CALO Enron Email Dataset
The Carnegie Mello University (CMU) CALO Project dataset is perhaps the most widely used data set and is available for download at http://www.cs.cmu.edu/~enron/. This dataset is a derivative of the FERC dataset and has been referenced in many email research studies and is also used by many commercial E-Discovery organizations. The CMU page describes this dataset as follows:
- This dataset was collected and prepared by the CALO Project (A Cognitive Assistant that Learns and Organizes).
- It contains data from 150 custodians, mostly senior management of Enron, organized into folders.
- The corpus contains a total of about 0.5M messages.
- This data was originally made public, and posted to the web, by the Federal Energy Regulatory Commission during its investigation.
- The email dataset was later purchased by Leslie Kaelbling at MIT, and turned out to have a number of integrity problems. A number of folks at SRI, notably Melinda Gervasio, worked hard to correct these problems, and it is thanks to them (not me) that the dataset is available.
- The dataset here
- does not include attachments, and
- some messages have been deleted “as part of a redaction effort due to requests from affected employees”.

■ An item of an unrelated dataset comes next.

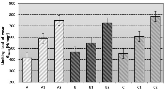 The limiting wear load makes it possible to determine the level of anti-wear properties of the lubricants under testing. The level of stabilization of the film is defined by the index of the limiting load of wear Goz/40. The higher the value, the better the stability of the lubricant and its anti-wear properties. The highest value of this parameter was observed for the linseed-based lubricant (B), slightly lower for the soy-based lubricant (C), and the lowest value of this parameter represents the rapeseed-based lubricant (A). Soy-based lubricants modified with one of the phyllosilicates, montmorillonite (C2), had the best anti-wear properties. The rapeseed-based lubricants modified with montmorillonite (A2) were characterized by slightly weaker properties, and the weakest effect of the layered silicate was observed for the composition prepared in linseed oil (B2). An improvement of the tribological properties was noticeable with respect to the basic compositions without the modifying additive, but a faster increase was observed for the compositions prepared in soybean and rapeseed oil. The lubricating compositions modified with amorphous silica (Aerosil) showed weaker antiwear properties than the tested lubricants modified with layered silicates, regardless of the base oil used. The most favourable effect of amorphous silica in improving the antiwear properties in comparison with the base compositions was observed for the lubricants based on soybean oil (C1), slightly worse in the case of using rapeseed oil (A1), and the weakest effect of this modifier was obtained for lubricants based on the linseed dispersion phase (B1). The comparison with the lubricants based on the vegetable dispersion phase modified with nanoadditives showed an improvement in the general antiwear properties, which was not as clear for the lubricants based on synthetic or mineral dispersion phase [29].
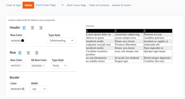 In Tables, you can set the standard appearance of each table that will appear in your proposal. You can review and set the color and type style for headers and rows, as well as the color width of the table border.

- Invalid email addresses were converted to something of the form firstname.lastname@example.org whenever possible (i.e., recipient is specified in some parse-able format like “Doe, John” or “Mary K. Smith”) and to email@example.com when no recipient was specified.
CALO correctly identified 8 duplicate, misspelled custodians in the FERC dataset, resulting in 150 CALO custodians vs. 158 FERC custodians.
In addition to the above, the CALO dataset has a number of optimizations:
- Message-ID: New Message-IDs have been created and used in place of existing Message-IDs
- Date: Dates have been canonicalized replacing the raw dates
- Headers: Some other headers are missing from the email
Removing the attachments makes the dataset much more manageable in size. However, attachments are still useful for certain investigations and Mark Dredze has created a version of the CALO dataset with attachment information brought over from the FERC dataset.
K. Krasnow Waterman discusses how these changes affect the email in Knowledge Discovery in Corporate Email: The Compliance Bot Meets Enron, 2006.